Geometries and potential energy curves of InSb2, SbIn2, GaAs2, AsGa2, and their ions

Abstract

Complete active space self-consistent field calculations (CASSCF) are carried out on the potential energy curves of three electronic states (2B2, 2A1, and 2B1) of InSb2 and GaAs2, the 1A1 state of InSb+2, seven electronic states of SbIn2, and six electronic states of SbIn+2. In addition, permutational isomers of AsGa2, GaAs2, and InSb2 are investigated. We use multireference singles+doubles CI calculations to optimize the equilibrium geometries and to compute the dissociation energies of all these species. The ground states of InSb2 and SbIn2 were found to be of 2B2 and 2B1 symmetries, respectively, with isosceles triangular geometries. The linear permutational isomer, In–Sb–Sb was found to be 16 kcal/mol above the bent isosceles triangular structure. We find that AsGa2 and GaAs2 also to have permutational isomers ∼16 kcal/mol above the bent (C2v) structures. However, the linear permutational isomers convert to the more stable bent isosceles triangular forms without barriers.

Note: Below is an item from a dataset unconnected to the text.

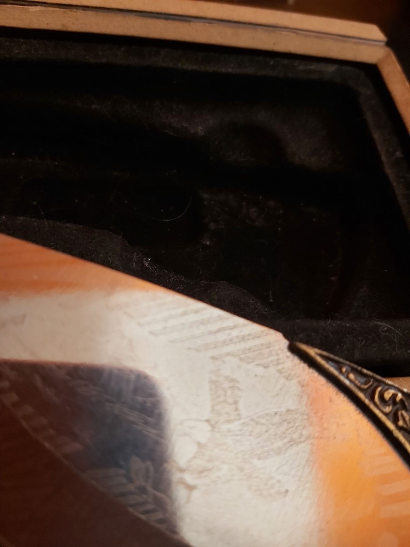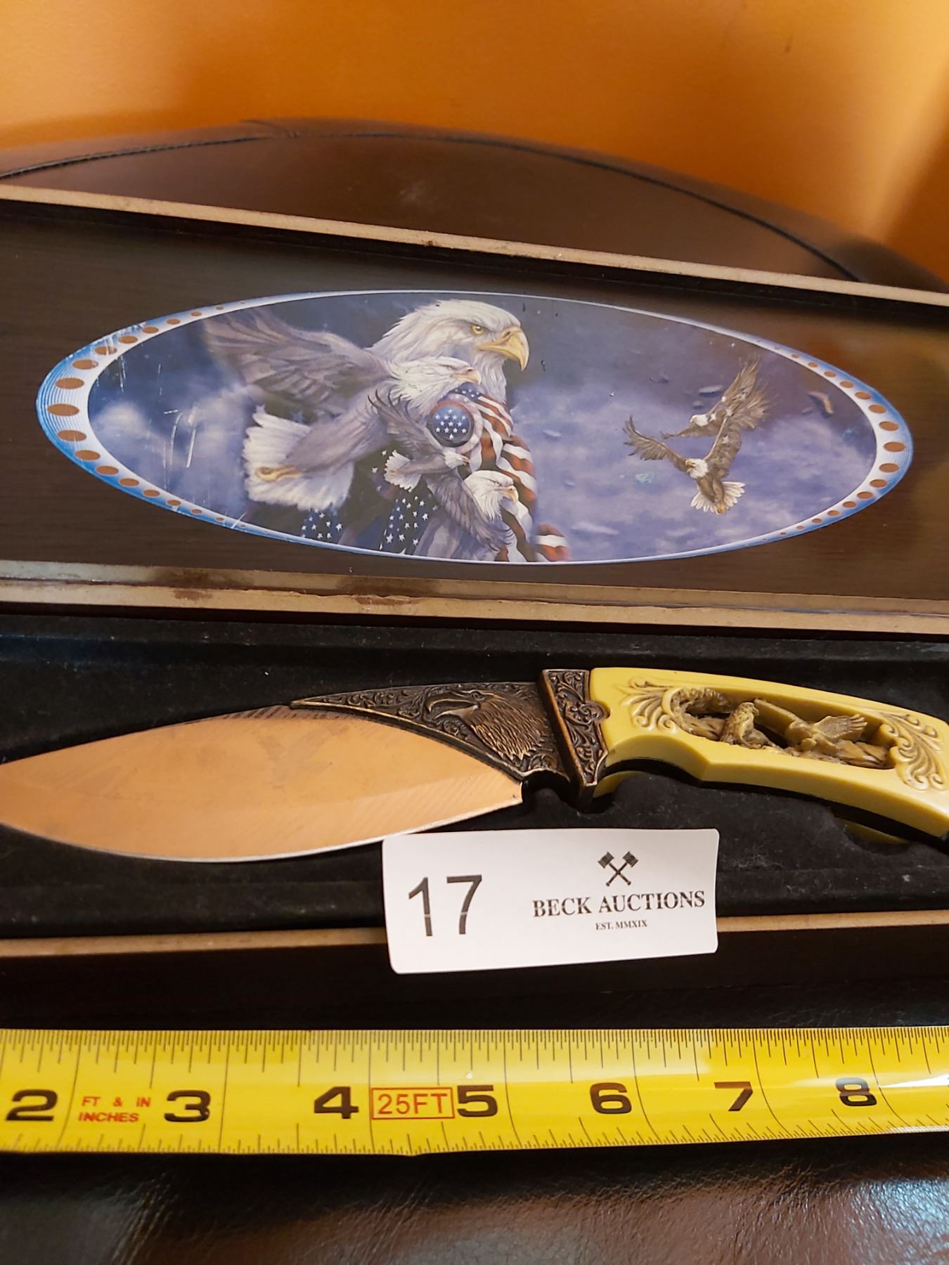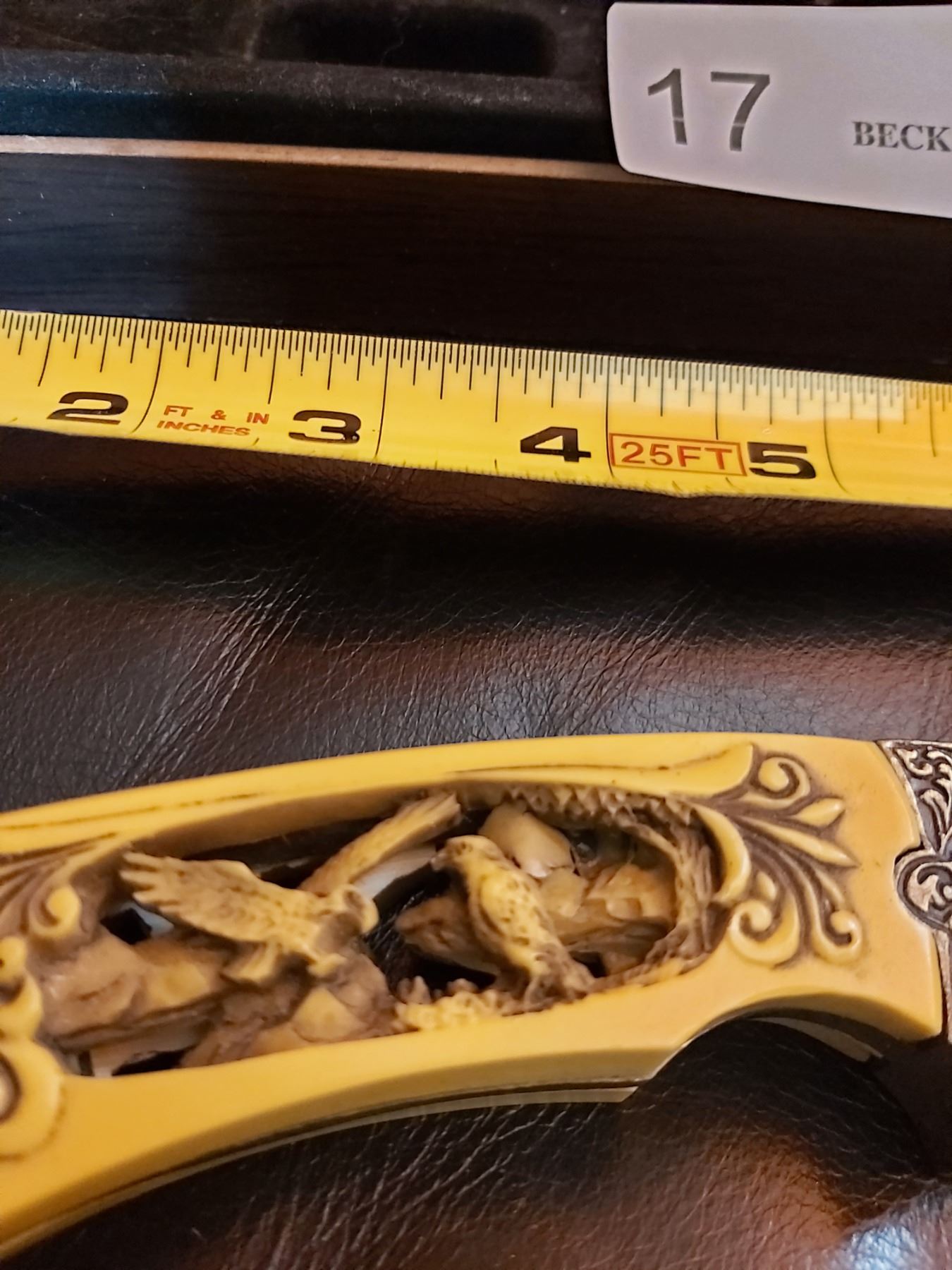 Resin Carved Handled Hunting Knife with Etched Blade in Wooden Box

The ground states of InSb+2 and SbIn+2 were found to be 1A1 with isosceles triangular geometry and 3Σ−g with linear geometry, respectively. The atomization energies and ionization potential of InSb2 are computed as 4.42 and 5.83 eV, respectively, while the corresponding values for SbIn2 are 2.73 and 5.65 eV, respectively. The atomization energy of AsGa2 is 3.7 eV. The ground state InSb2 (GaAs2) exhibits enhanced Sb–Sb (As–As) bonding, while the ground state of SbIn2 (AsGa2) exhibits enhanced In–Sb (Ga–As) bonding and nonbonding interactions between In (Ga). Our theoretical calculations of mixed III–V trimers explain the experimental relative abundance of trimers and odd–even alternation in the IPs observed by O’Brien et al. [J. Chem. Phys. 84, 4074 (1986)] for GaxAsy (x+y=3).